Mary Lou Jepsen is a former MIT professor with 100 patents and a former engineering executive at Facebook, Oculus, Intel, and Google[x] (now called X) -- and "she hopes to make communicating telepathically happen relatively soon." An anonymous reader quotes CNET: Last year Jepsen left her job heading up display technology for the Oculus virtual reality arm of Facebook to develop new imaging technologies to help cure diseases. Shortly thereafter she founded Openwater, which is developing a device that puts the capabilities of a huge MRI machine into a lightweight wearable form. According to the startup's website, "Openwater is creating a device that can enable us to see inside our brains or bodies in great detail. With this comes the promise of new abilities to diagnose and treat disease and well beyond -- communicating with thought alone."

This week Jepsen went further and suggested a timeframe for such capabilities becoming reality. "I don't think this is going to take decades," she told CNBC. "I think we're talking about less than a decade, probably eight years until telepathy"... Jepsen, who has also spent time at Google X, MIT and Intel, says the basic idea is to shrink down the huge MRI machines found in medical hospitals into flexible LCDs that can be embedded in a ski hat and use infrared light to see what's going on in your brain. "Literally a thinking cap," Jepsen explains... The idea is that communicating by thought alone could be much faster and even allow us to become more competitive with the artificial intelligence that is supposedly coming for everyone's jobs very soon.

Jepsen tells CNBC, "If I threw [you] into an M.R.I. machine right now... I can tell you what words you're about to say, what images are in your head.
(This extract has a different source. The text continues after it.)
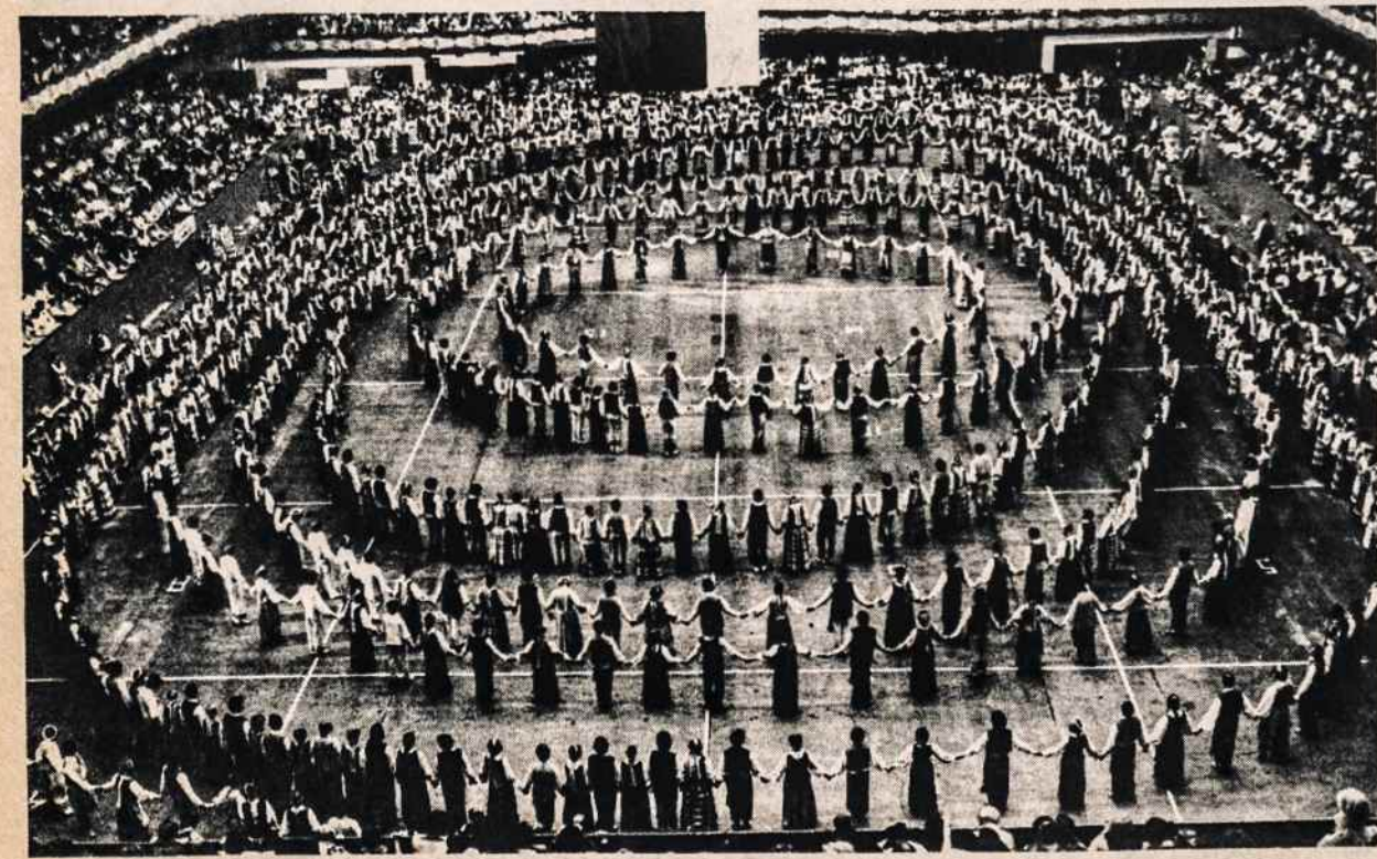
Momentas iš VI-tosios tautinių šokių šventės liepos 6 Chicagoj.

I can tell you what music you're thinking of. That's today, and I'm talking about just shrinking that down."

5 of 202 comments (clear)

  1. MRI of my brain by PPH · · Score: 5, Funny

    Won't be difficult to deduce what's on my mind[NSFW]

    --
    Have gnu, will travel.
  2. Reading thoughts vs Inputting thoughts by Pollux · · Score: 5, Informative

    If I threw [you] into an M.R.I. machine right now... I can tell you what words you're about to say, what images are in your head. I can tell you what music you're thinking of. That's today, and I'm talking about just shrinking that down

    So, it currently takes a huge freakin' MRI to just be able to read the brain's thoughts*. And to the best of my knowledge, no one has figured out a way of inputting a thought into the brain electronically. And she thinks she can accomplish both with a device the size of a cap in eight years? Good luck with that.
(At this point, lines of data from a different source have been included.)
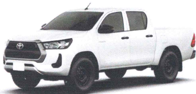
HILUX CD STD POWER PACK AT 4X4 DIESEL 2025

CLIENTE: Prefeitura Municipal de Novo Progresso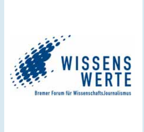
In Zusammenarbeit mit dem Deutschen Journalisten-Verband (DJV) veranstaltete die Bertelsmann Stiftung das Bremer Forum „Wissenswert“.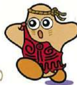
三内丸山遺跡 公式マスコットキャラクター 「さんまる」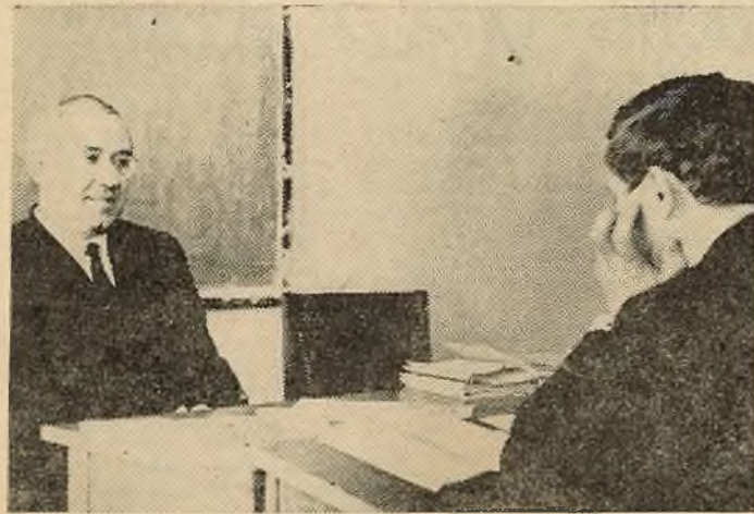
Для студэнтаў IV курса гістарычнага факультэта надышла апошняя сесія. Цяпер яны паспяхова здаюць экзамены, залікі, каб у хуткім часе прыступіць да напісання дыпломных.

    * Even "Reading the brain's thoughts" is quite a stretch from what an MRI actually does. We just see on a screen what parts of the brain light up like a Christmas tree, then interpret what the brain is doing based on our current mapping of brain-functions. But, if you were to "think" the message, "Please buy diapers on your way home from work today," an MRI today at best will show that your prefrontal cortex lights up, indicating you are task-managing, as well as your amygdala, indicating a sense of emotional frustration. Other areas will light up as well, but whether these areas mean diapers, work, cheese, rutabagas, or who knows what is still anybody's guess.

    1. Re:Reading thoughts vs Inputting thoughts by denzacar · · Score: 5, Informative

      She basically repeated what she saw on an episode of "60 minutes" linked in the thought identification article on Wikipedia.
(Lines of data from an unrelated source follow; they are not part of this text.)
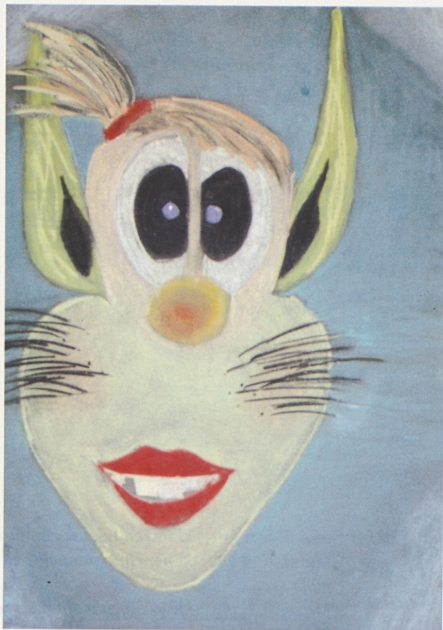
Urška Belšak in Saša Šmigoc, 9.a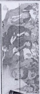
استخدام العنف والقوة خيار مرفوض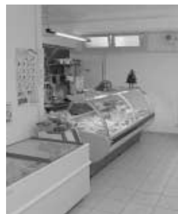
Nuovo bar e alimentari

      In reality... half of it is computer guessing which one of the ten pre-calibrated images the subject is being shown - while the other half is just bullshit mixed with wishful thinking.
      Then she "expanded" on that.

      For now, it's impossible to force someone to have his or her brain scanned, because the subject has to lie still and cooperate, but that could change.

      "There are some other technologies that are being developed that may be able to be used covertly and even remotely.
      So, for example, they're trying to develop now a beam of light that would be projected onto your forehead.
      It would go a couple of millimeters into your frontal cortex, and then receptors would get the reflection of that light.
      And there's some studies that suggest that we could use that as a lie detection device," Wolpe said.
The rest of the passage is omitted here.